Just like that it was done: the sun popped above the horizon, everyone woke up stiff and cranky, and the Devil moved out of the way to watch the fun from where his entourage waited, having made themselves comfortable on a red-and-purple Turkish rug Azazel pinched from one of the Kremlin’s guest rooms and spread on a current of air a hundred or so feet above the crowd. They might have caused their own stampede, had anyone looked up and seen anything as astonishing as a man-sized black cat jigging with delight on a floating carpet. But no one did look up.

“Am I not the shit!” Behemoth crowed. “Christ on a cracker, will you look at them go!”

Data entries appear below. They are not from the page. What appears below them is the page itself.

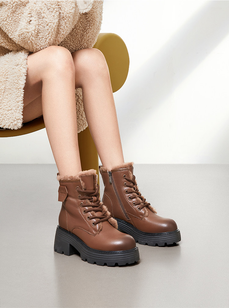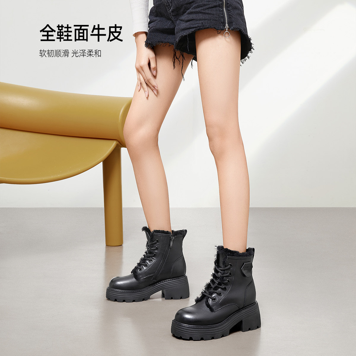 Martens, зимние короткие сапоги в английском стиле, утепленная обувь на платформе, 2022, из натуральной кожи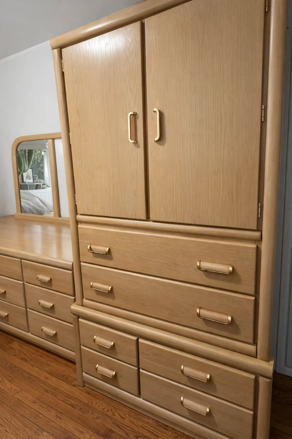 I’m giving away this set of 3 nightstand closet and drawers away since I am getting rid of a lot of older furniture. It’s as you see, it is abit lived in and not very modern but honestly its super sturdy with strong pieces made of very high quality wood.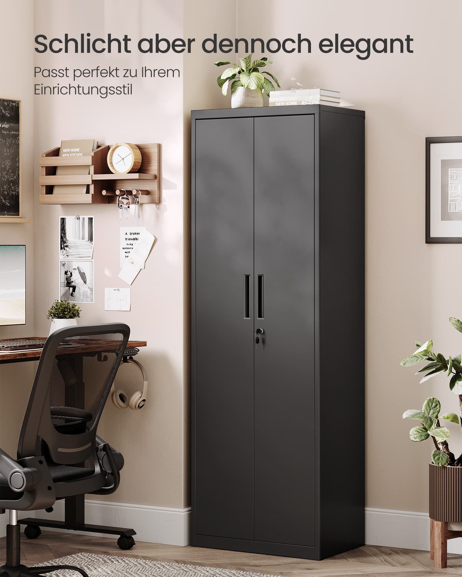 SONGMICS arkivskab, kontorskab med 2 d?re, opbevaringsskab i st?l, 5 hylder, til garage, arbejdsv?relse, gr? OMC015G01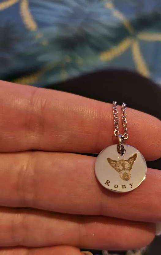 Модель красивее, чем на фото! Выглядит точно так же, как свою собаку. Моя собака прошло около двух недель назад, и это отличный памяти, чтобы иметь его. Я буду носить эту вещь на долгие годы!
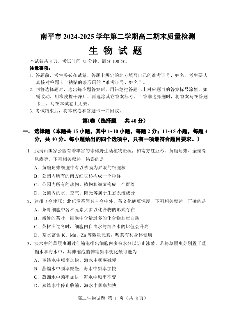 高二生物+答案--福建省南平市2024-2025学年第二学期高二下期末质量检测试卷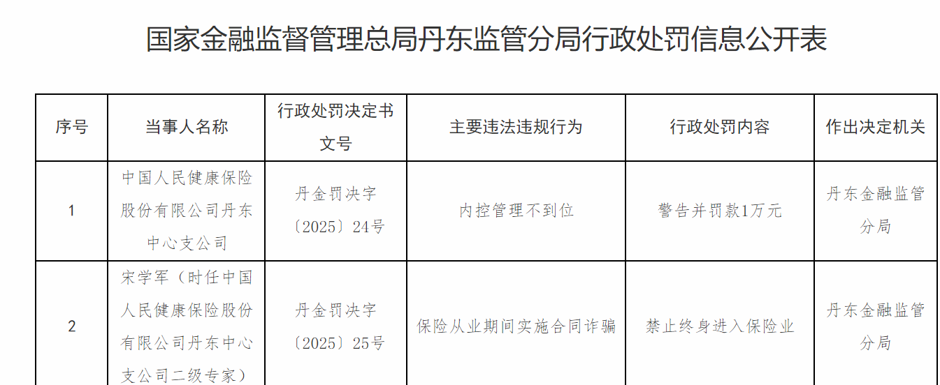 每日更新PICC Health Dandeng Central分支机构被内部控制逃生所罚款,并且由于合同欺诈而禁止前高管一生 由admin打开2025年8月12日2025年8月12日对“PICC Health Dandeng Central分支机构被内部控制逃生所罚款,并且由于合同欺诈而禁止前高管一生”作出评论 8月11日,警告说,警告了中国的丹吉·中央人民健康保险公司有限公司,对国家政府进行财政监督的danguong监督部门的行政处罚形式被警告,并罚款10,000元人民币,以实施不足的内部控制管理。 Song(中国人民健康保险有限公司的丹东中央分支机构的第二层专家)由于保险业业务期间的合同欺诈而被禁止进入人寿保险行业。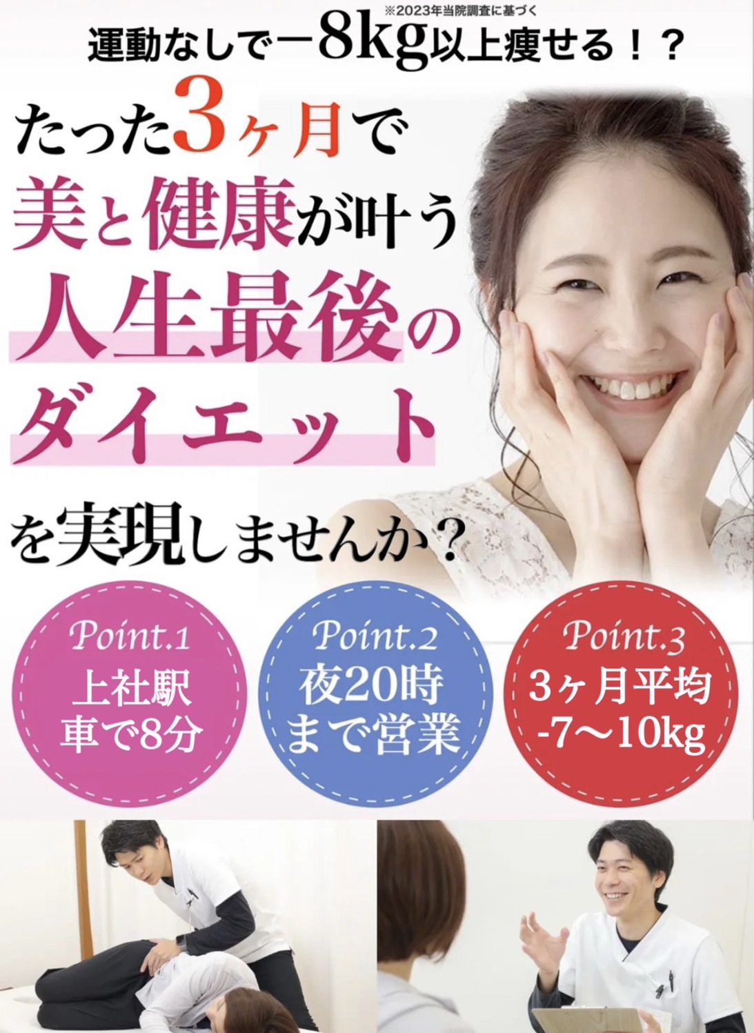 当院の人生最後のダイエットコースを「ぜひやってみたい!」思っていただいた方のみのご案内となりますので、お気軽にお越しください。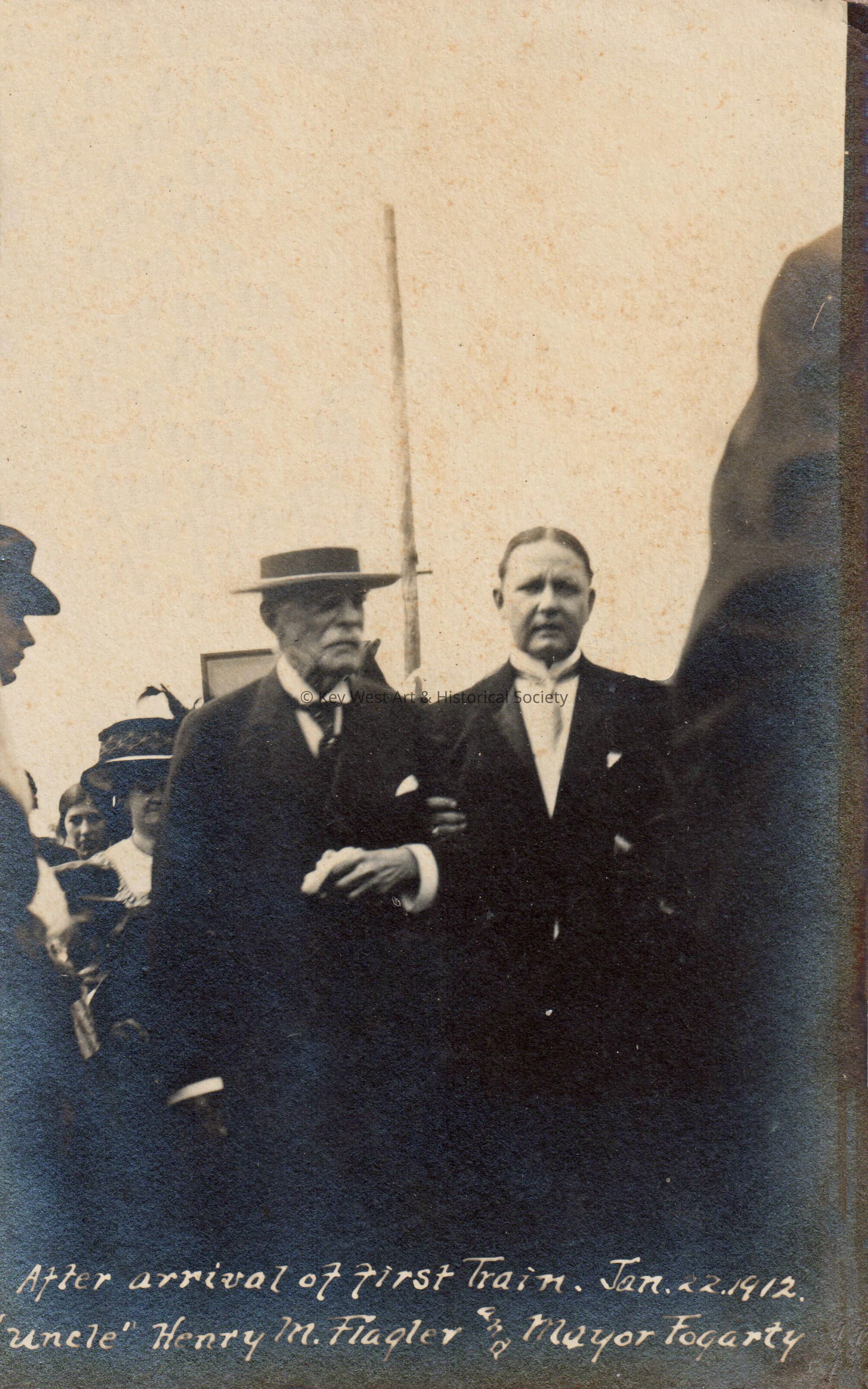Postcard depicting Henry Morrison Flagler and Key West Mayor Joseph Norman Fogarty following the arrival of the first Florida East Coast Railway train to Key West. The caption reads, ‘After arrival of first train, January 22, 1912. “Uncle” Henry M. Flagler and Mayor Fogarty’.Subject Person/Organization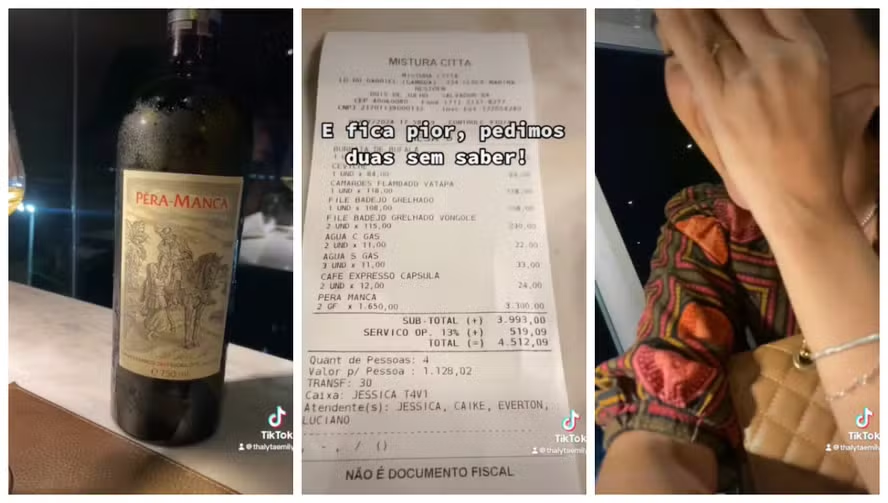 Um grupo de quatro amigos saiu para aproveitar um jantar “tranquilo”. Para isso, visitaram uma unidade do restaurante Mistura, em Salvador, no último domingo (7/7). Lá, pediram diversos pratos, água, café e duas garrafas de vinho branco português Pêra Manca. O que os amigos não sabiam é que tinham se enganado com o preço da bebida: pensaram que era R$ 165, mas o valor correto era de R$ 1.650.

The Devil smiled as Azazel removed the galoshes, and his smile wasn’t terrible; it was the kind of smile that said everything was going to be fine. Below the Devil’s narrow, narrow, three times narrow, elegant feather-shod feet, Volodya was leading the stampede, which had progressed already too far to control or even limit its destruction. From on high he looked like a whirligig beetle moving swiftly over the surface of a pond, his charging head the point of a great V drawn in the crowd. Behemoth smiled, and his smile was filled with sharp teeth and said everything was going to turn out badly.